We’ll use the suffix `_sdf` to represent “Spark DataFrame,” much as we used `_sdf` to denote a Spark DataFrame in Homework 2. You will load a `yelp_reviews_sdf` table from the `yelp_reviews2.csv` file from your HW2. You may find dataset descriptions [here](https://www.kaggle.com/yelp-dataset/yelp-dataset/version/6#yelp_review.csv).

You'll need to upload this to Google Storage.  Uploading, and subsequently reading, this file may take a while. 

Add a function call (e.g., to `selectExpr()`) to rename the `user` and `business` nodes to `from_node` and `to_node`, to convert these to strings, respectively.

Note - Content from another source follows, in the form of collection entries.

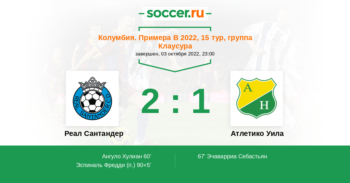 Протокол матча Реал Сантандер против Атлетико Уила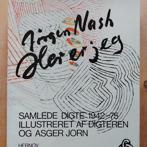 Her er jeg, Jørgen Nash, genre: digte, Jørgen Nash. Her er jeg. Samlede digte 1942 – 75. Illustreret af digteren og Asger Jorn. Udgivet på Hernov 01.01.1975. 1. oplag.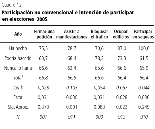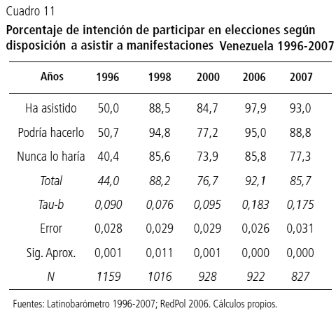 No obstante, Venezuela se caracteriza por una tendencia contraria: las formas de participación no convencional, lejos de presentarse como un mecanismo que compita con los medios tradicionales de participación política, se entrelazan con estos conformando y fortaleciendo una alianza democrática. En este sentido, a partir del cuadro 11 podemos inferir que quienes muestran mayor disposición a participar en manifestaciones también muestran mayor intención de concurrir a elecciones, aumentando su significación en los años de mayores tasas de participación. Igualmente, el cuadro 12 muestra que aunque otros tipos de actividades no convencionales distintas a la manifestación política no muestran niveles de correlación significativos, mantienen la relación en el continuo que va desde la firma de una petición hasta acciones no convencionales como la toma de edificios y participación en saqueos.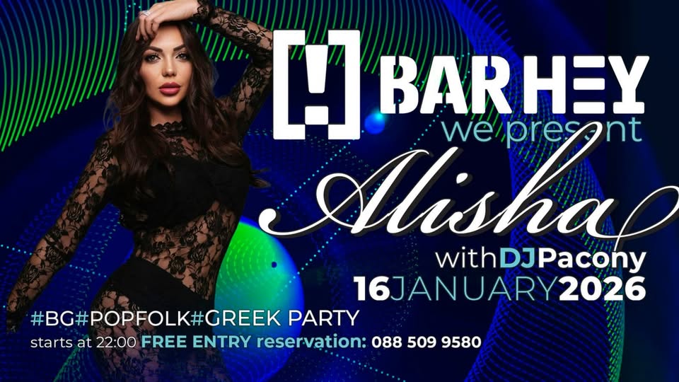 Заповядайте в Bar Hey на 16 януари от 22:00 часа и се насладете на уникалния глас на Alisha в компанията на DJ Pacony!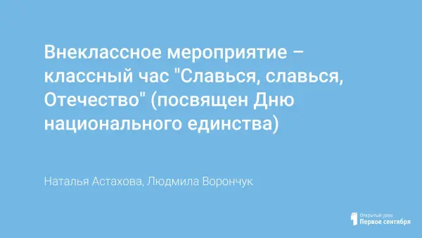 Внеклассное мероприятие – классный час "Славься, славься, Отечество" (посвящен Дню национального единства)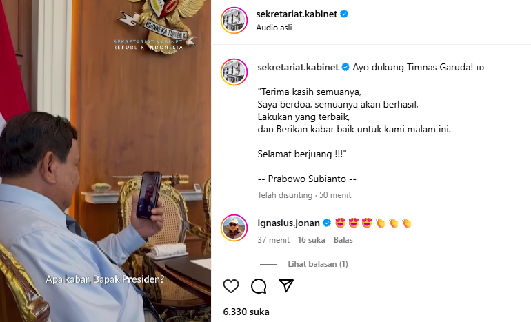 Momen itu dibagikan akun Instagram Sekretariat Kabinet, Rabu (8/10/2025). Dalam unggahan tersebut, Prabowo tampak mengenakan kemeja dan dasi, memegang ponsel, dan berbicara langsung dengan pelatih timnas, Patrick Kluivert.

Please name the tables as we have described in this assignment. This helps with our grading and test cases.

In [2]:
# TODO: load yelp_reviews_sdf
# Worth 3 points in total
    
# YOUR CODE HERE
# yelp_reviews_sdf = spark.read.load("gs://bucket-name-af/notebooks/yelp_review2.csv",
yelp_reviews_sdf = spark.read.load("/home/jovyan/work/hw2/data/yelp_review2.csv",
                     format="csv", inferSchema="true", header="true")
yelp_reviews_sdf = yelp_reviews_sdf.selectExpr("user_id as from_node", "business_id as to_node")

In [3]:
# Just to show what it looks like
yelp_reviews_sdf.printSchema()


root
 |-- from_node: string (nullable = true)
 |-- to_node: string (nullable = true)



In [4]:
# This cell intentionally left blank ;-)


Now  create a `graph_sdf` and save it in the Spark TempView so that you can call your transitive closure function on it here, regardless of whether that function is written in SparkSQL or Spark DataFrame function calls.

In [5]:
# TODO: Convert from yelp_reviews_sdf to a graph
# Worth 2 points

from pyspark.sql.types import *
import pyspark.sql.functions as F

# YOUR CODE HERE
graph_sdf = yelp_reviews_sdf

# YOUR CODE HERE
graph_sdf.createOrReplaceTempView('graph')

graph_sdf.cache()

DataFrame[from_node: string, to_node: string]

In [6]:
assert graph_sdf.count() > 0

### Step 1.3. Transitive Closure of the Graph

Now we would like to do the following: given a set of nodes, compute the set of all nodes reachable from these nodes.  This can be obtained via a type of transitive closure computation.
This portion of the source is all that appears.